Here’s a list of a few types that we came across:
Hand prayer wheels
Cylindrical, metallic shaft set into a wooden handle that turns on a circular bearing commonly made of Turbinella (conch) shell. The cylinder itself is affixed to a cord or chain terminating in a metal weight allowing it to be spun by a slight rotation of the wrist. This one is most commonly used by pilgrims and followers alike for the day-long prayers.
Stationary prayer wheels
These Buddhist wheels are most commonly seen in the monasteries. Large fixed metal wheels which are kept side by side in huge numbers. The visitors are expected to rotate them with their hands while walking across them.

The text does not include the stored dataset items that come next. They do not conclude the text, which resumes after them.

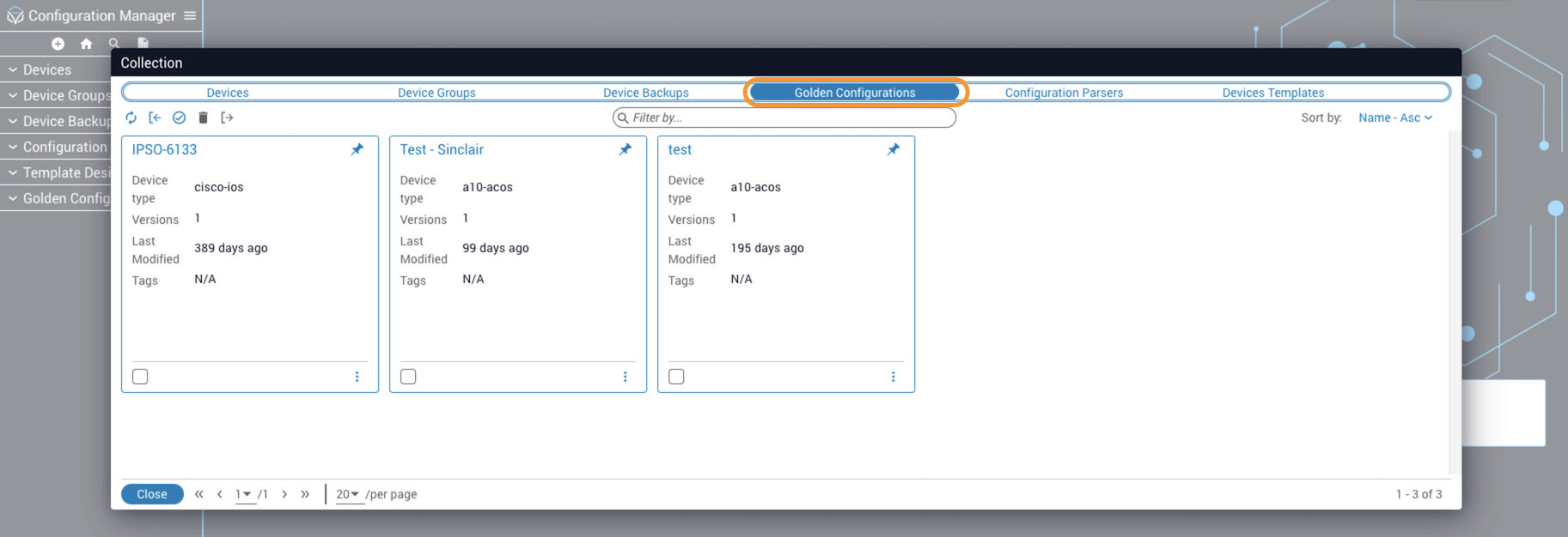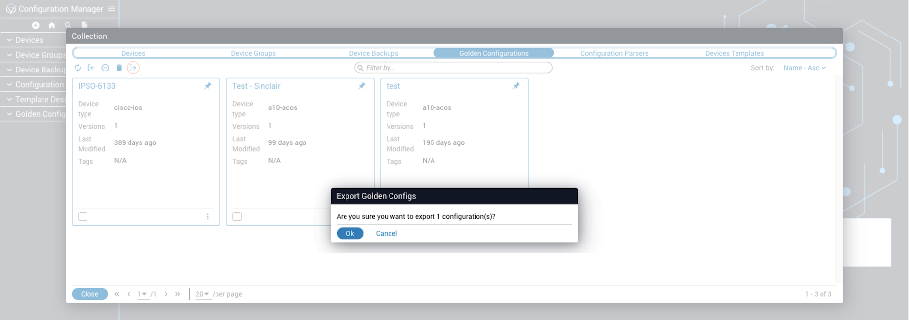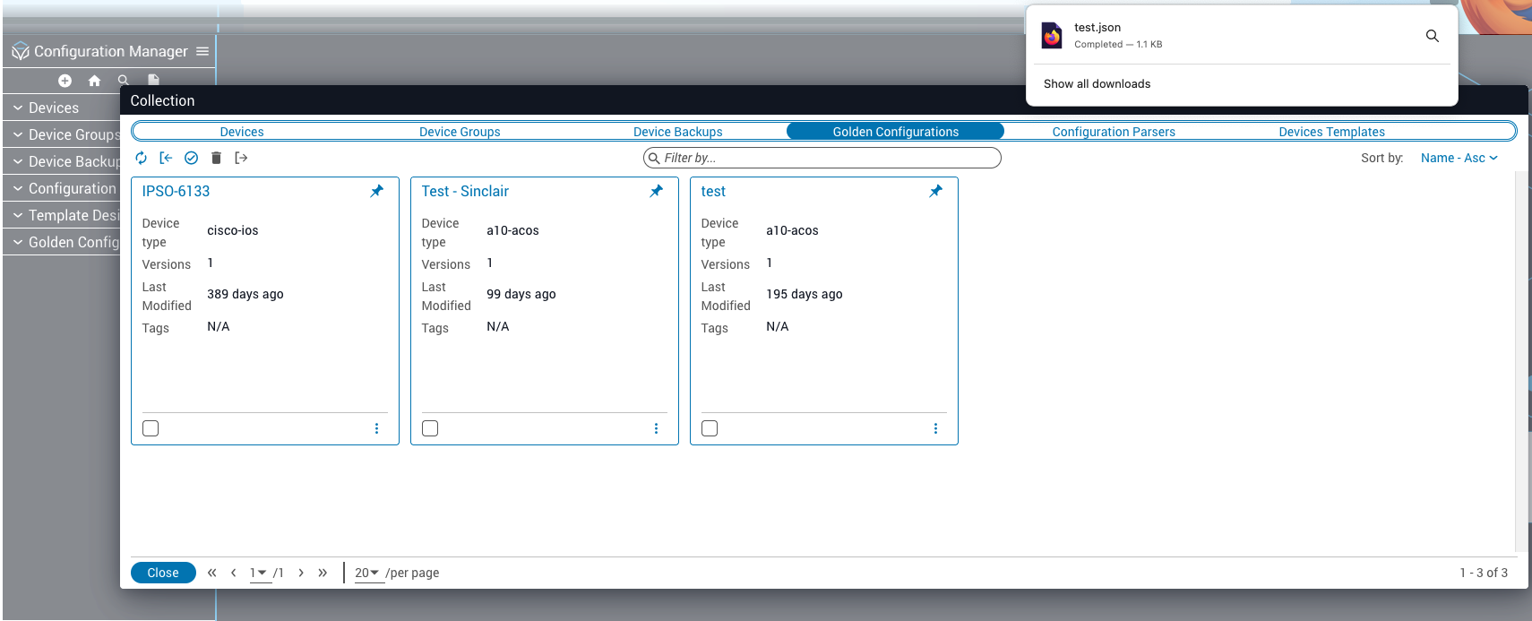 Previously in the Itential Platform, if a Golden Configuration with the same name already existed and you attempted to import a new one, you would get an error. This limitation is now removed in the UI, thereby enabling you to manage Golden Configs in Configuration Manager through a set of actions that will enhance how you handle the standard by which your devices should be configured.
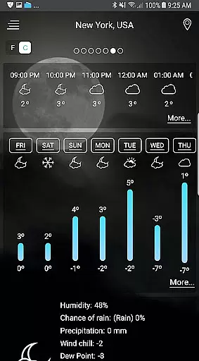 One of the standout features is the app's ability to offer localized weather alerts three times a day, alongside storm warnings and rain notifications. Users can track weather conditions in multiple locations, making it an ideal tool for travelers or those managing operations across different regions. The inclusion of sunrise and sunset times, moon phases, and moon cycles further enriches the user experience by catering to diverse informational needs.
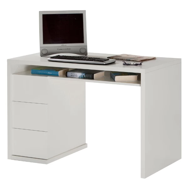 Bureau Monique 110x60x75cm uit spaanplaat met afwerking in melamine in hoogglans wit. Met drie opberglades.
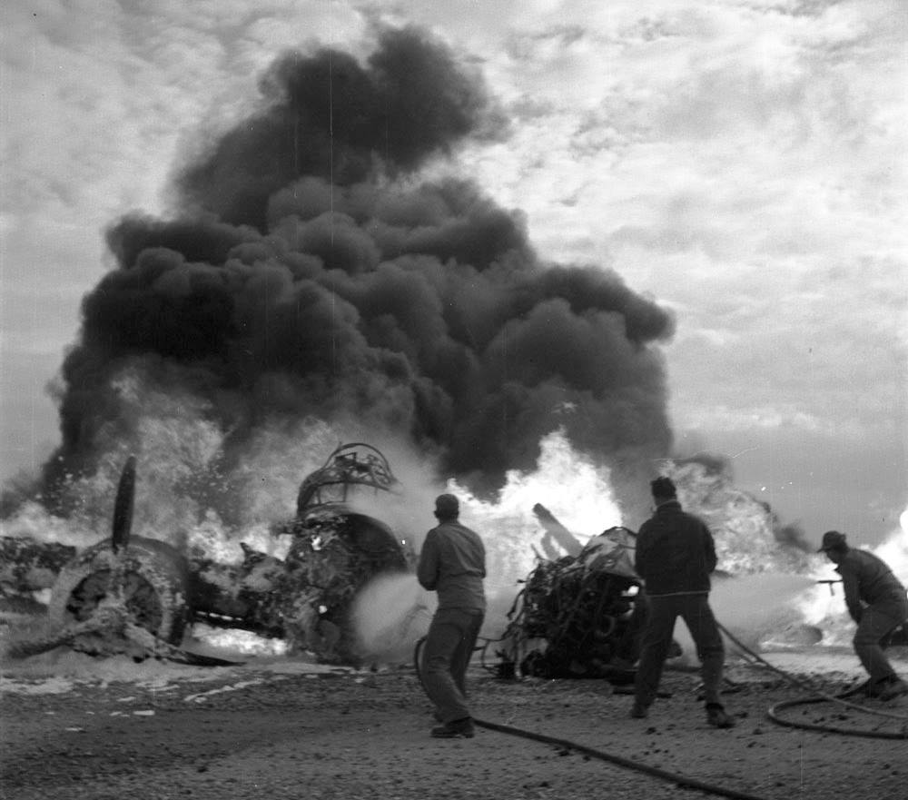 Firefighters hosing down a crashed Italian Savoia-Marchetti SM.79 Sparviero three-engine bomber, possibly at an RCAF forward operating strip on the Italian front, Dec 1943.
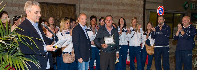 Giovedì è stata la serata delle premiazioni per la Edilizia Passeri Bastia che, insieme alla cittadinanza ha festeggiato la promozione in serie B1 femminile. L’amministrazione comunale ha voluto fare una cerimonia pubblica in piazza Mazzini con tutte le realtà sportive del territorio che si sono particolarmente distinte nella stagione agonistica appena terminata, e tra queste non poteva mancare la rappresentante delle schiacciate. Il collettivo biancoazzurro con in testa il presidente Ubaldo Passeri hanno sfilato in alta uniforme sul palco ed hanno testimoniato con viva voce la soddisfazione per il risultato conseguito, non dimenticando di ringraziare tutte le componenti che lo hanno permesso, in primis gli sponsor ma anche gli sportivi che sempre numerosi hanno seguito le gesta della squadra al palazzetto di viale Giontella. Al ricevimento voluto dalle massime cariche istituzionali che hanno omaggiato di una targa al merito la società sportiva erano presenti tante persone, a testimonianza del grande eco riscosso dal successo delle ragazze della pallavolo. Al termine della cerimonia è stato fatto un brindisi e poi, sulle note della musica, si sono lanciati tutti in balli improbabili. A chiusura della cavalcata trionfale ecco le parole ed i ricordi delle campionesse sulla promozione.
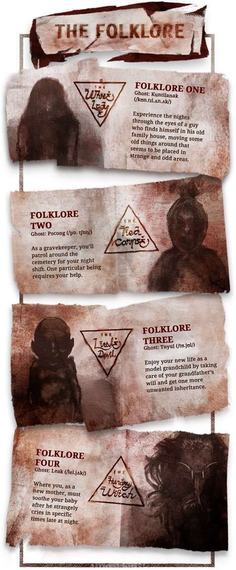 The game will become the first part of a four-parts story that focuses on Indonesian horror folklores. The first folklore will be titled White Lady, which is inspired from Indonesian ghost kuntilanak. While the other folklores released date have not been confirmed yet, it has already been announced that the other three folklores will be inspired by pocong, tuyul, and leak.

These are Buddhist prayer wheels that are turned by flowing water, like a turbine. The water which touches these wheels is also considered holy.
These types are rotated by the wind. They are often found in and around Buddhist houses, made by basic artifacts like water bottles, paper etc. Supposedly, the wind that touches the prayer wheel helps to negate bad influence.
Usually found in the monasteries, these Buddhist prayer wheels are turned by the heat of a candle or melting butter. The light emitted thereby is said to purify negative karma.
These are the latest addition to the Buddhist prayer automation framework. Powered by motors, often accompanied by lights, these prayer wheels are somewhat looked down upon by the staunch believers.
Often found on car dashboards, these wheels are more of a touristy souvenir item and their religious powers are rarely discussed. They have a solar panel which helps converts solar energy to mechanical energy thus resulting in the required rotation.
These prayer wheels make us wonder how technology can influence our lives, even in the abode of God.